A quick note, do not take anything we say here as official advice, legal or financial. We take no liabilities for any decisions made. We are simply reading, researching, talking to experts and restaurant owners, and then trying to give our best opinion at what is to come.
The changes to the unemployment payments will likely have the largest impact, especially for restaurants who remained open as a service to the employees. Under the act it adds up to an additional $600 in federal money per week to help fill in the gap between state unemployment payments and what the worker’s actual salary was. Currently, the state pays around 50% of the worker’s salary, up to $451 per week. This, before the act, means that a restaurant worker who had their hours reduced by 50% or less is essentially better off staying employed.

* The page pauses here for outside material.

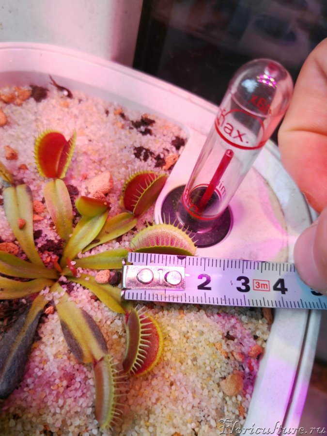 И первый же номер - самый красный из маленьких и самый маленький из красных - 1,8 см. Номер 2 - честные 2,5 см на двух ловушках. При этом ловушки крупнее, хотя и немного менее красные. Интересная разница, ведь они раньше были одним растением, просто с разными точками роста.

Now under the new provision, any worker who has seen reduced hours that makes under around $50,000 a year is better off taking unemployment, and the restaurants that employ them are doing right by the employee by laying them off to do it. No worker will get more money than they were making previously before seeing hour reductions, but they will get their full wages back. This is the best decision for restaurants that were operating at a loss due to labor cost and can weather a few months of being closed. It will mean a number of restaurants close down based on the decision.
There is also a scenario where skilled owners could let all the staff, or the vast majority, go and operate the restaurant themselves or with limited staff and make just enough money to cover the bills if they were unable to negotiate lease and utility deferrals or cover it themselves.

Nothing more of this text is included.